Dataset items
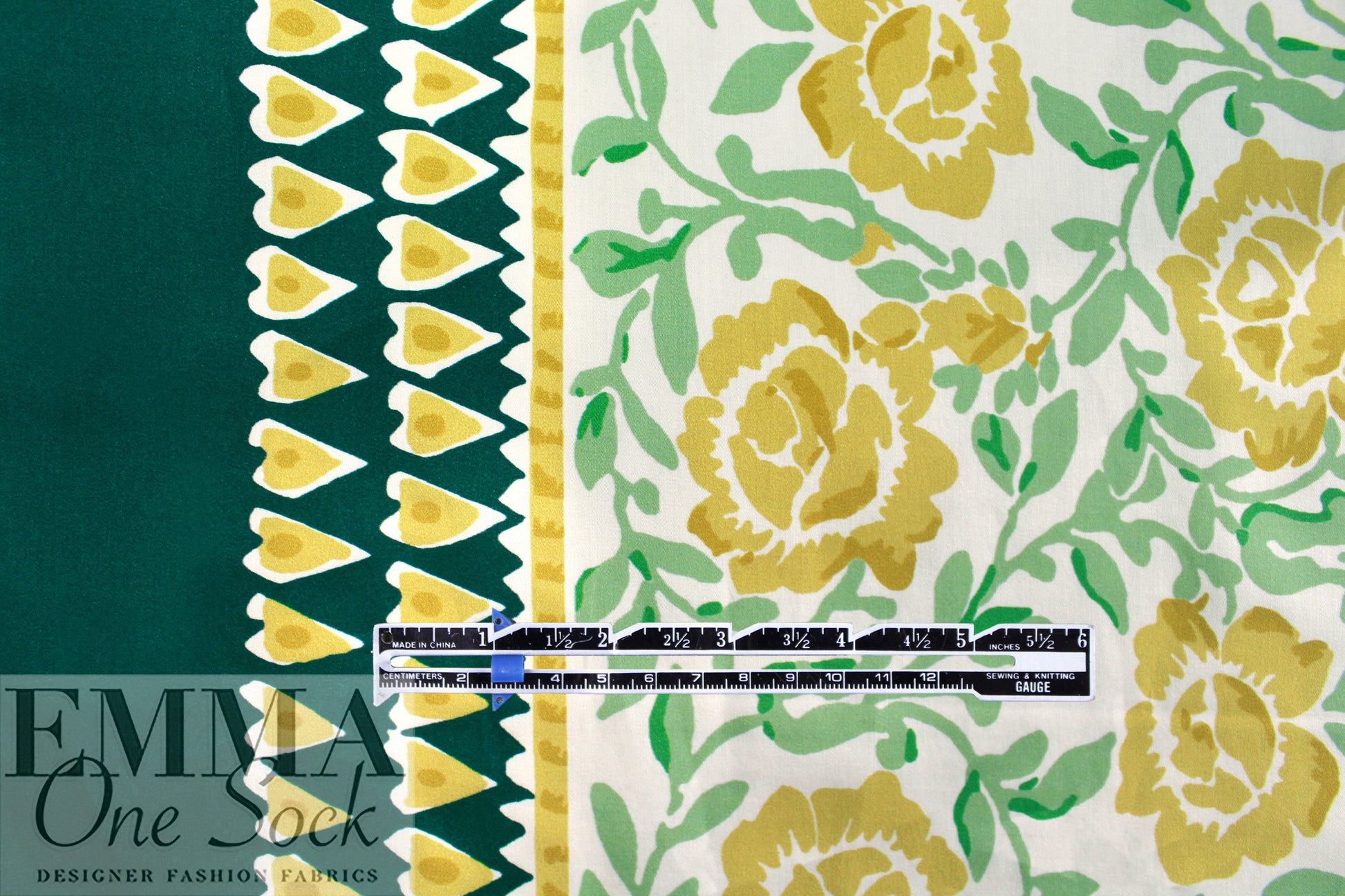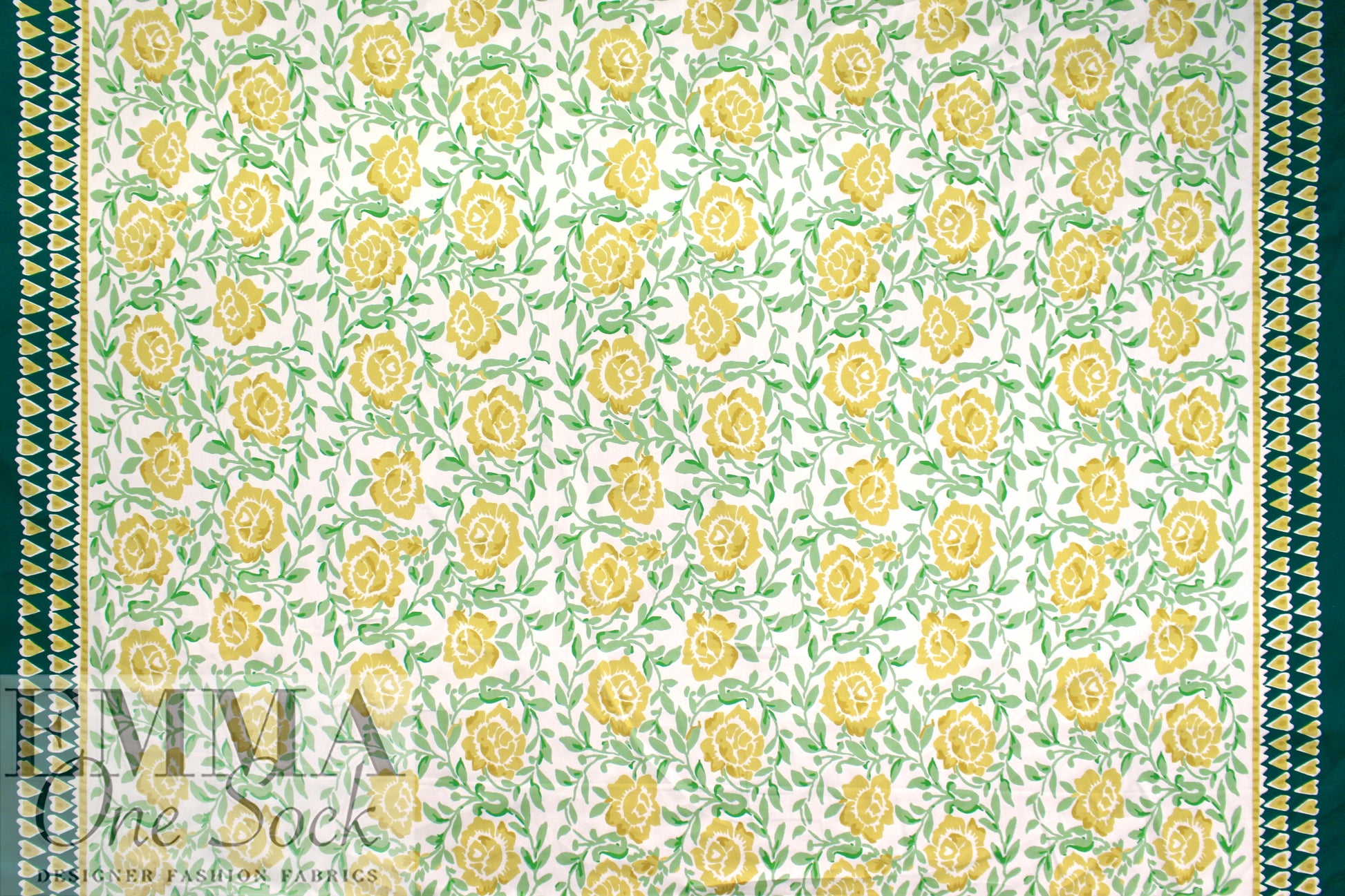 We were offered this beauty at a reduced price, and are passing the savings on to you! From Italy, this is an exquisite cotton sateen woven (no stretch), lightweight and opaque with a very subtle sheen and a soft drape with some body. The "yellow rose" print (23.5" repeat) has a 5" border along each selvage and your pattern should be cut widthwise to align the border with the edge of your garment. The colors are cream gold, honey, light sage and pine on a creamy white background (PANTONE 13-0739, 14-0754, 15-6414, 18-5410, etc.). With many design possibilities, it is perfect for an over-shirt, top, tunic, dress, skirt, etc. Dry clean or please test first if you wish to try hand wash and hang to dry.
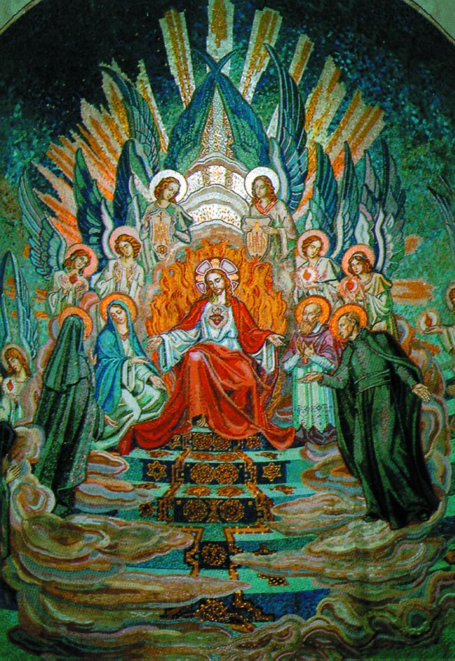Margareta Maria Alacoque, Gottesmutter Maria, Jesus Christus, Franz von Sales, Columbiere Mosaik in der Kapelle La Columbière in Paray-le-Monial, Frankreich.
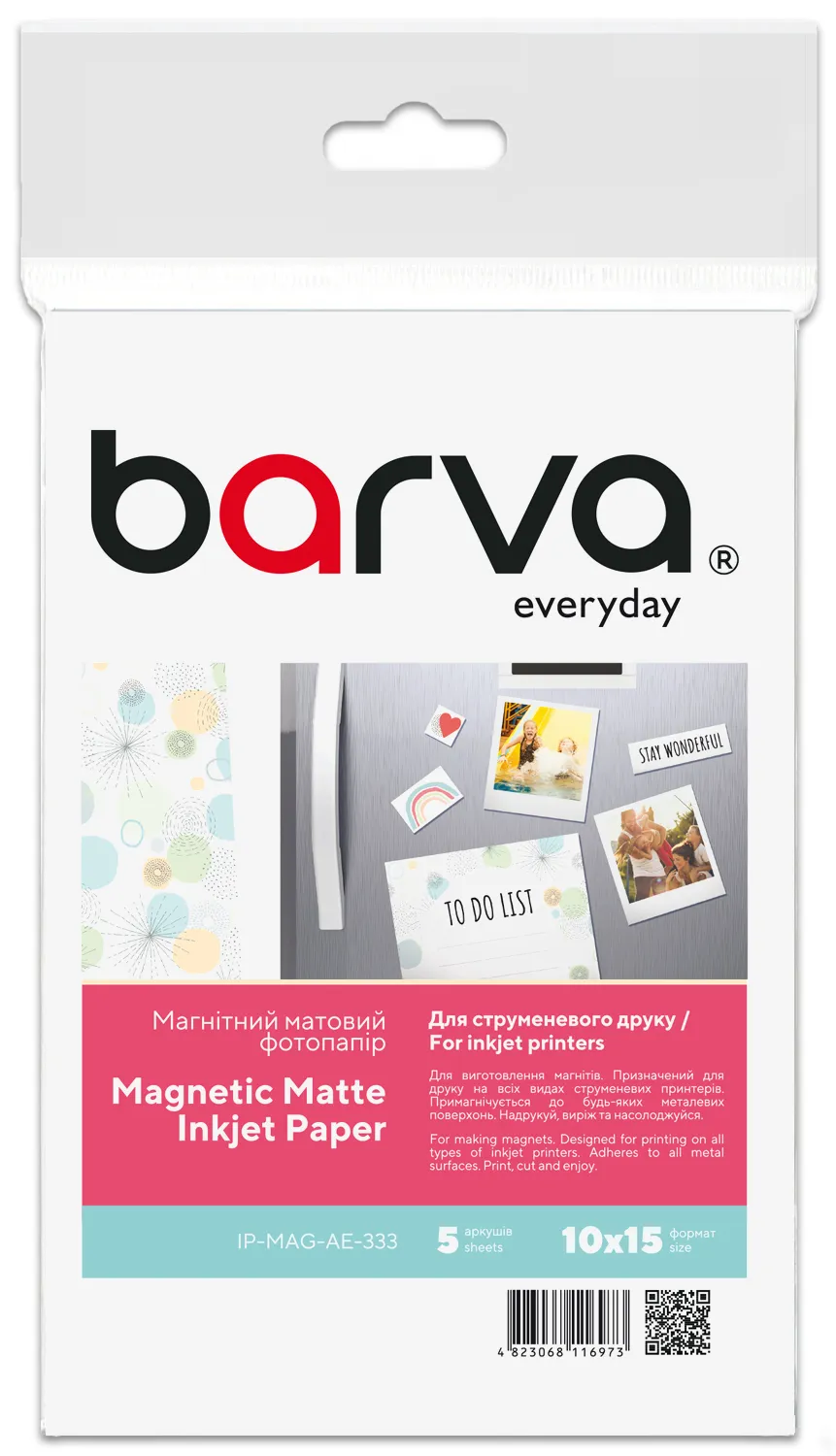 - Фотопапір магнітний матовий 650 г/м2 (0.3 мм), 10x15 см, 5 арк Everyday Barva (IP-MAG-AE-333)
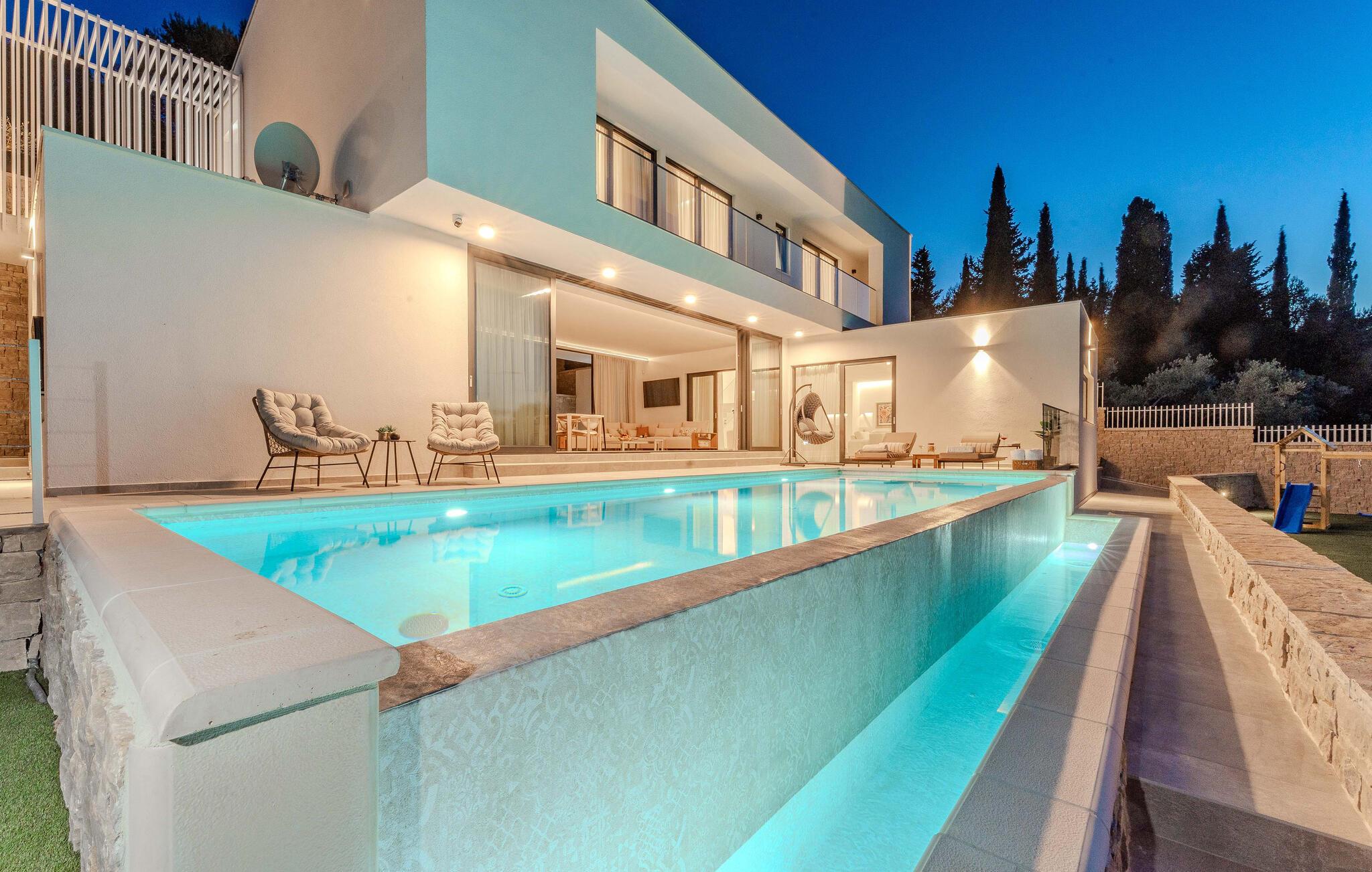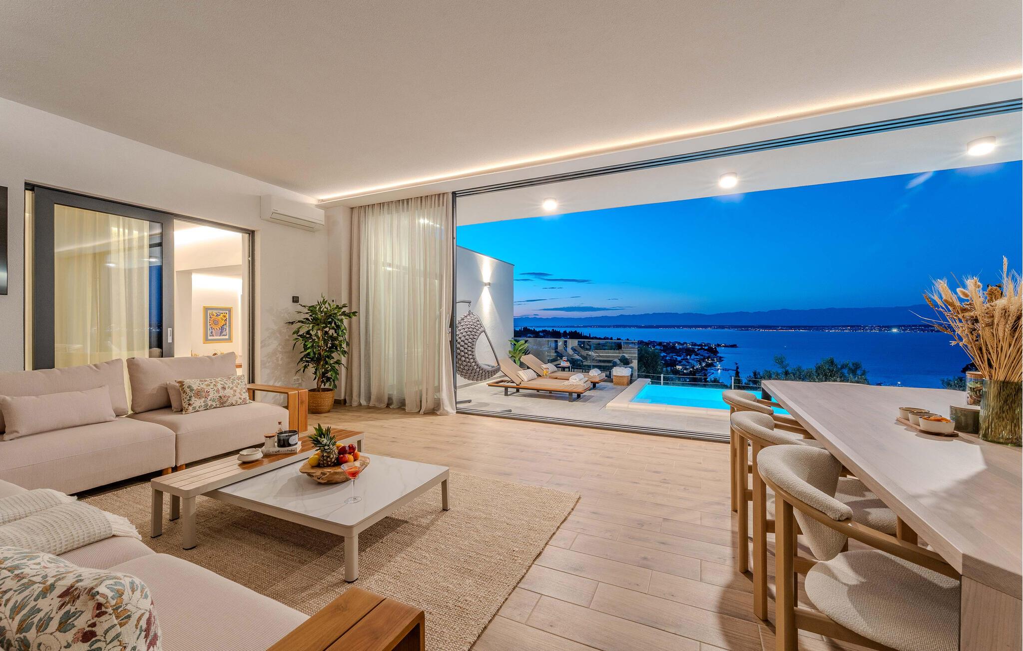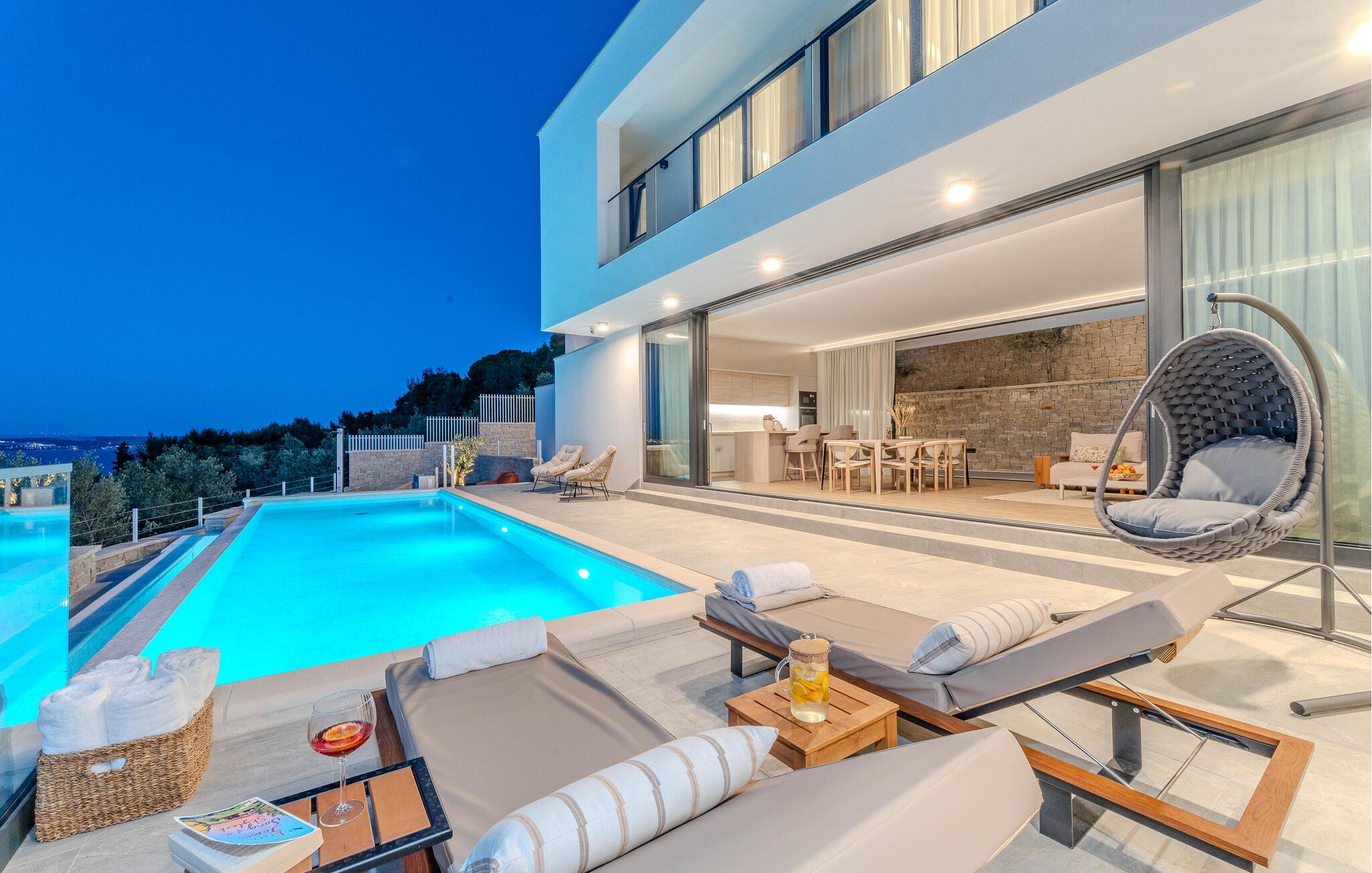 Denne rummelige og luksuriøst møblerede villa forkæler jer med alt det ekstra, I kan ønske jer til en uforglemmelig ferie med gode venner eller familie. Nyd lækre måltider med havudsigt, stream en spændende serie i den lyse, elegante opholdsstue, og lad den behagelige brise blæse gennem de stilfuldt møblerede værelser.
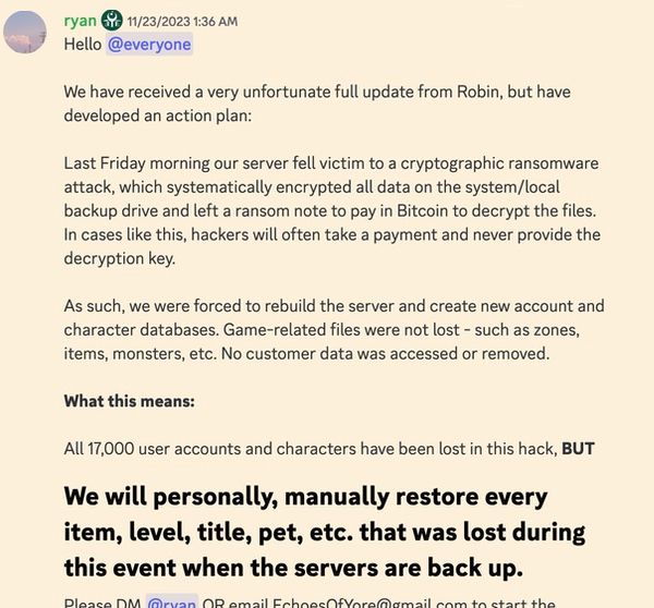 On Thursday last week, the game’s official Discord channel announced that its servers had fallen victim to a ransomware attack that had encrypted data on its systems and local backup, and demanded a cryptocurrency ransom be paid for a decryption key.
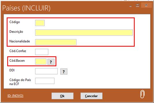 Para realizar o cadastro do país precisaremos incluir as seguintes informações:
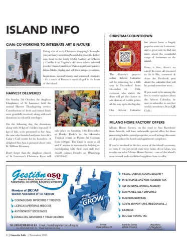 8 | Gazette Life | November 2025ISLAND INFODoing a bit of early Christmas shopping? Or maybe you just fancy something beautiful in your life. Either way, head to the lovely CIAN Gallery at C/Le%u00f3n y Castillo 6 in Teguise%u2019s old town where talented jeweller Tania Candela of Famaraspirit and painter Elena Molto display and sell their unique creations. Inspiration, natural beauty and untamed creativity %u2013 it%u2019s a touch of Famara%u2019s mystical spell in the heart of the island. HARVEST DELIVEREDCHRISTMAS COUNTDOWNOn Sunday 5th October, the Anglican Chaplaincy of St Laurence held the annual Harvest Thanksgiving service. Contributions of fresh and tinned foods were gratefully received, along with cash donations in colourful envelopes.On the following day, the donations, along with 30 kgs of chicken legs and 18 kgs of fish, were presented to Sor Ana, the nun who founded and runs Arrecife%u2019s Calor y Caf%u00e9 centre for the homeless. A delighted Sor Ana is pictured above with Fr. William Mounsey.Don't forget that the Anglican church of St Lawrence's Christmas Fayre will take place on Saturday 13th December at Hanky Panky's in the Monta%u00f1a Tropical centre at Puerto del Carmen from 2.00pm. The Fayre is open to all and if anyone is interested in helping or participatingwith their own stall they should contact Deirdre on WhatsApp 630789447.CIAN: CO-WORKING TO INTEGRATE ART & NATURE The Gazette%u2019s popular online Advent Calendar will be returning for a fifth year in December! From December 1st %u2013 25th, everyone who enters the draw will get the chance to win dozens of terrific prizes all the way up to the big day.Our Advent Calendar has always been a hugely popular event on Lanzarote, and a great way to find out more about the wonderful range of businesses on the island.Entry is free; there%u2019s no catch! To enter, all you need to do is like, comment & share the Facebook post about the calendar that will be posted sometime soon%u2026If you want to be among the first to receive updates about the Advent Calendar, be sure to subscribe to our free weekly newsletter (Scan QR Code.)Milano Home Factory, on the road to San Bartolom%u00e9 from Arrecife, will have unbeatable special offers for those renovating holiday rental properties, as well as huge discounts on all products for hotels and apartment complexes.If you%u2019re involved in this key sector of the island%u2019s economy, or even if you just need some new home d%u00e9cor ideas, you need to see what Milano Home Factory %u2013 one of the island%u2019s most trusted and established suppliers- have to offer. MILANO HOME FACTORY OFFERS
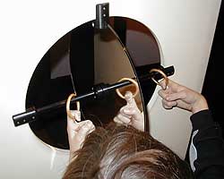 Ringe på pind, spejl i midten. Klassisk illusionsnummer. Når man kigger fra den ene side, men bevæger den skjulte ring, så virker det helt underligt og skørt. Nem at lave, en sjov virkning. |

## Your objective
Nothing but the pictures is to be left out; repeat the data exactly.

## Reply
 We were offered this beauty at a reduced price, and are passing the savings on to you! From Italy, this is an exquisite cotton sateen woven (no stretch), lightweight and opaque with a very subtle sheen and a soft drape with some body. The "yellow rose" print (23.5" repeat) has a 5" border along each selvage and your pattern should be cut widthwise to align the border with the edge of your garment. The colors are cream gold, honey, light sage and pine on a creamy white background (PANTONE 13-0739, 14-0754, 15-6414, 18-5410, etc.). With many design possibilities, it is perfect for an over-shirt, top, tunic, dress, skirt, etc. Dry clean or please test first if you wish to try hand wash and hang to dry.
Margareta Maria Alacoque, Gottesmutter Maria, Jesus Christus, Franz von Sales, Columbiere Mosaik in der Kapelle La Columbière in Paray-le-Monial, Frankreich.
 - Фотопапір магнітний матовий 650 г/м2 (0.3 мм), 10x15 см, 5 арк Everyday Barva (IP-MAG-AE-333)
 Denne rummelige og luksuriøst møblerede villa forkæler jer med alt det ekstra, I kan ønske jer til en uforglemmelig ferie med gode venner eller familie. Nyd lækre måltider med havudsigt, stream en spændende serie i den lyse, elegante opholdsstue, og lad den behagelige brise blæse gennem de stilfuldt møblerede værelser.
 On Thursday last week, the game’s official Discord channel announced that its servers had fallen victim to a ransomware attack that had encrypted data on its systems and local backup, and demanded a cryptocurrency ransom be paid for a decryption key.
 Para realizar o cadastro do país precisaremos incluir as seguintes informações:
 8 | Gazette Life | November 2025ISLAND INFODoing a bit of early Christmas shopping? Or maybe you just fancy something beautiful in your life. Either way, head to the lovely CIAN Gallery at C/Le%u00f3n y Castillo 6 in Teguise%u2019s old town where talented jeweller Tania Candela of Famaraspirit and painter Elena Molto display and sell their unique creations. Inspiration, natural beauty and untamed creativity %u2013 it%u2019s a touch of Famara%u2019s mystical spell in the heart of the island. HARVEST DELIVEREDCHRISTMAS COUNTDOWNOn Sunday 5th October, the Anglican Chaplaincy of St Laurence held the annual Harvest Thanksgiving service. Contributions of fresh and tinned foods were gratefully received, along with cash donations in colourful envelopes.On the following day, the donations, along with 30 kgs of chicken legs and 18 kgs of fish, were presented to Sor Ana, the nun who founded and runs Arrecife%u2019s Calor y Caf%u00e9 centre for the homeless. A delighted Sor Ana is pictured above with Fr. William Mounsey.Don't forget that the Anglican church of St Lawrence's Christmas Fayre will take place on Saturday 13th December at Hanky Panky's in the Monta%u00f1a Tropical centre at Puerto del Carmen from 2.00pm. The Fayre is open to all and if anyone is interested in helping or participatingwith their own stall they should contact Deirdre on WhatsApp 630789447.CIAN: CO-WORKING TO INTEGRATE ART & NATURE The Gazette%u2019s popular online Advent Calendar will be returning for a fifth year in December! From December 1st %u2013 25th, everyone who enters the draw will get the chance to win dozens of terrific prizes all the way up to the big day.Our Advent Calendar has always been a hugely popular event on Lanzarote, and a great way to find out more about the wonderful range of businesses on the island.Entry is free; there%u2019s no catch! To enter, all you need to do is like, comment & share the Facebook post about the calendar that will be posted sometime soon%u2026If you want to be among the first to receive updates about the Advent Calendar, be sure to subscribe to our free weekly newsletter (Scan QR Code.)Milano Home Factory, on the road to San Bartolom%u00e9 from Arrecife, will have unbeatable special offers for those renovating holiday rental properties, as well as huge discounts on all products for hotels and apartment complexes.If you%u2019re involved in this key sector of the island%u2019s economy, or even if you just need some new home d%u00e9cor ideas, you need to see what Milano Home Factory %u2013 one of the island%u2019s most trusted and established suppliers- have to offer. MILANO HOME FACTORY OFFERS
 Ringe på pind, spejl i midten. Klassisk illusionsnummer. Når man kigger fra den ene side, men bevæger den skjulte ring, så virker det helt underligt og skørt. Nem at lave, en sjov virkning. |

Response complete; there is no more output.